I was getting constant popup errors in Continue (VS Code extension) when using my Qwen3.6:27b model: “Error parsing Ollama response: expected element type <function> but have <parameter>”. Turns out it was a tool-calling template mismatch between Ollama and Continue, fixed by updating Ollama from 0.20.5 to 0.23.
Why I Updated Ollama (and How)
I run Ollama on my Mac Studio M4 Max (36GB unified memory) and access it over LAN from my CachyOS laptop running VS Code + Continue + Cline extensions. The GUI makes updates dead simple:
- Click the Ollama menu bar icon
- Choose “Restart to update”
- Done! (
ollama --versionconfirmed 0.23)
Why it mattered: Ollama 0.23 includes updated qwen3.5 renderer/parser templates that fixed my Continue parsing errors completely.

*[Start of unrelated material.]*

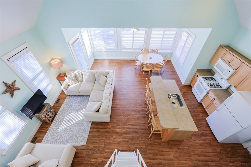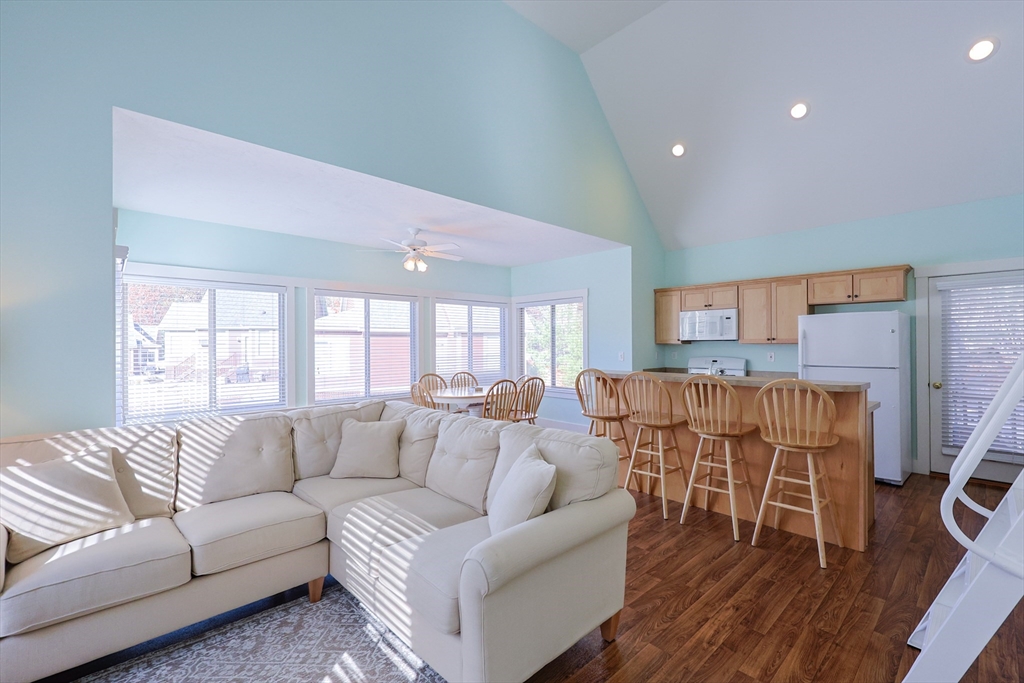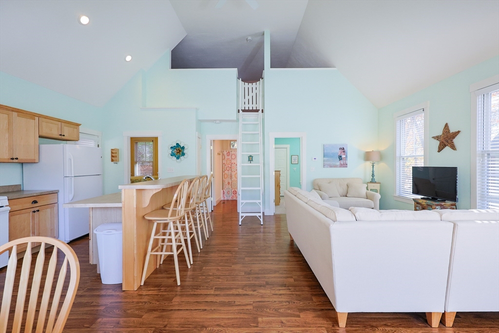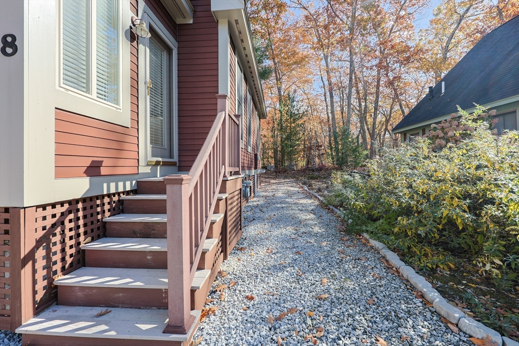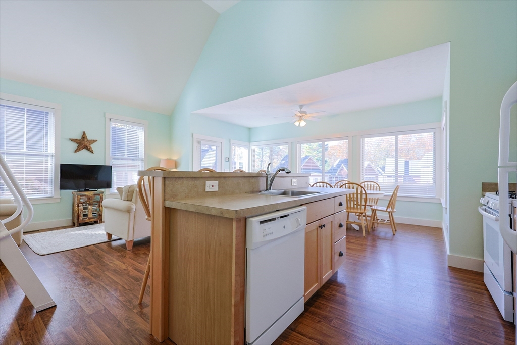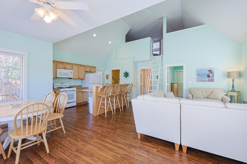 Welcome to your 'Perfect Summer Home'! Formally Wyman's Beach, this property has been transformed into Summer Village Westford; a gated seasonal condo community of single family cottages nestled around Long Sought For Pond. Popular Sycamore style cottage in a PRIME location! Large open concept living with designated living/dining spaces. Beautiful kitchen with extended island, recessed lighting, pantry, gas cooking & ceiling fans. In unit laundry. Central Heat/AC. Easy care vinyl flooring, spacious storage loft & highly coveted 1/2 bath in the primary bedroom. Enjoy the expansive private outdoor space at the end of this centrally located cul-de-sac& beautiful wooded surroundings. Conveys fully furnished & includes a Golf Cart! Purchase now and be ready to enjoy summers like they used to be on opening day! Amenities include: Private beach, kayaks, canoes, heated pools, tennis, pickleball, basketball, private restaurant/ bar, general store, hiking, fishing, library & activities for all.

Older versions had mismatched tool-calling schemas.
Peeking Inside: ollama show
Curiosity led me to check what was actually happening with my model:
ollama show qwen3.6:27b --modelfile
Here’s the key section (ignoring license):
FROM /Users/me/.ollama/models/blobs/sha256-83c54730a5fea8a0958598c01617c1419c431e93b33bacf980b49a420c798926
TEMPLATE {{ .Prompt }}
RENDERER qwen3.5
PARSER qwen3.5
PARAMETER top_k 20
PARAMETER top_p 0.95
PARAMETER temperature 1
What this tells me:
- No
num_ctx= uses global default (I set 32k in Ollama GUI) RENDERER qwen3.5= latest tool templates (fixed my errors)top_k 20,top_p 0.95,temperature 1= model defaults Continue was overriding
My Continue Config That Actually Works
I access Ollama via OLLAMA_HOST=0.0.0.0 ollama serve on Mac, then connect from CachyOS over LAN. Here’s my ~/.continue/config.yaml that’s optimized for my 36GB Mac Studio:
models:
- name: qwen3.6:27b
provider: ollama
model: qwen3.6:27b
apiBase: http://192.168.1.25:11434
roles: [chat, edit, apply, summarize]
capabilities: [tool_use]
contextLength: 32768 # Matches my 32k GUI setting
maxTokens: 4096
timeout: 180000
temperature: 0.2 # Override model's 1.0 (less random)
top_p: 0.9
top_k: 20 # Matches Modelfile (faster)
- name: gemma4:31b
provider: ollama
model: gemma4:31b
apiBase: http://192.168.1.25:11434
roles: [chat, edit, apply, summarize]
capabilities: [tool_use]
contextLength: 32768
maxTokens: 2048
timeout: 180000
temperature: 0.5
top_p: 0.9
top_k: 20
Why These Specific Settings
contextLength: 32768: My Ollama GUI is set to 32k global default. Requesting 65k was wasting API negotiation time.
top_k: 20: Matches Modelfile exactly. Higher values (40) slow token generation 20-30%.
temperature: 0.2: Model default of 1.0 is too random for coding. 0.2 gives me a more focused responses.
36GB Mac Studio: Handles qwen3.6:27b at 32k context using ~28-32GB total. Smooth, no swapping.
My Workflow
Mac Studio (Ollama 0.23) ←LAN→ CachyOS Laptop (VS Code + Continue + Cline)
↓
32k context, fast token generation
No more parsing popups, smooth 32k context, and Continue actually works reliably. The YouTubers show “ollama run model” demos, but for production workflows over LAN with Continue, these tweaks make all the difference.
Takeaway: Check your Modelfile, match your Continue settings, update Ollama regularly. Your 30GB+ Mac can do way more than the defaults suggest.